Edward Hillel is a photographer and multidisciplinary artist. He engages history, memory, place and community to produce works that are at once personal and reflect upon society and the human condition. Since the mid-80's he has explored photography and photo-based media. From black and white photographic portraits and narrative videos to images and installations employing photographs, videos and film, archives and found materials, projected sounds and reflective surfaces, his works are carried out within a framework of social engagement and collaboration. Site-specific projects in Berlin, Grenoble, Manchester, Montreal, New York, Nice, Paris, Prague, Venice and elsewhere have garnered the German Critics Visual Arts Prize (Berlin), The Golden Sheaf Film Award (Canada), the Prix Alain de Rothschild (France) and the Spiro Institute Arts Award (UK). His works have circulated widely through exhibitions, publications, broadcast and social media. Born in Baghdad, Iraq, Edward grew up in Montréal before moving first to Paris and then New York. He is currently founder and artistic director of the (G)eneration Project and artistic director of The Guatemala Holocaust Museum.

About the organizer

 The Hunter College Art Galleries, under the auspices of the Department of Art and Art History, have been a vital part of the New York cultural landscape since their inception over a quarter century ago. Located at the nexus of art and culture in New York City, the galleries provide a space for critical engagement with art and pedagogy, bringing together historical scholarship, contemporary artistic practice, social awareness, and experimental methodology. Since their inauguration in 1981, the Hunter College Art Galleries have presented more than 200 exhibitions. The galleries are committed to producing exhibitions, events, and scholarship in dialogue with the intellectual discourse generated by the faculty and students.

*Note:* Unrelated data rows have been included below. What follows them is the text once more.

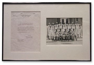 The man who inspired Mr. Mantle to name his son Mickey. At left is a typed letter on "U.S. Naval Training Station, Great Lakes, Illinois" letterhead, with content regarding an exhibition baseball game involving Cochrane's Navy team. It is signed "Mike" at the close. Photo of Cochrane's squad at right is signed in NRMT ink by each pictured, including Cochrane himself, Schoolboy Rowe and Gene Woodling. Matted and framed professionally.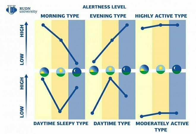 То, что люди редко укладываются в эти два типа, догадаться несложно. Несмотря на то, что люди в сущности устроены очень похоже, они могут иметь разные ритмы жизни. Само понятие «жаворонок» не только определяет время, когда ты встаешь и ложишься, но и самочувствие в течение дня. И то же самое касается сов. Даже они бывают разными, и далеко не каждая способна понять другую. Объяснить это явление попытались ученые из Российского университета дружбы народов (РУДН).
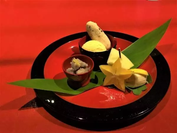 甘味は、シェフが子供の頃はお祝いの時にしか食べられなかったという思い出深い『ターンムディンガク』を含んだ現地の食材の数々。石垣島で採れるバニラビーンズを使ったバニラアイスや、大徳寺納豆を使ったオリジナルのちんすこう、島バナナ、スターフルーツなどが並びます

Widely regarded as one of the leading art programs in the country, Hunter College’s Department of Art and Art History serves both undergraduate and graduate students, offering a Bachelor of Arts, a Bachelor of Fine Arts and Master of Fine Arts in studio art, and a Master of Arts in art history. In its 2012 rankings of “America’s Best Graduate Schools,” U.S. News & World Report ranked Hunter’s MFA program thirteenth and the painting and drawing program seventh in the nation.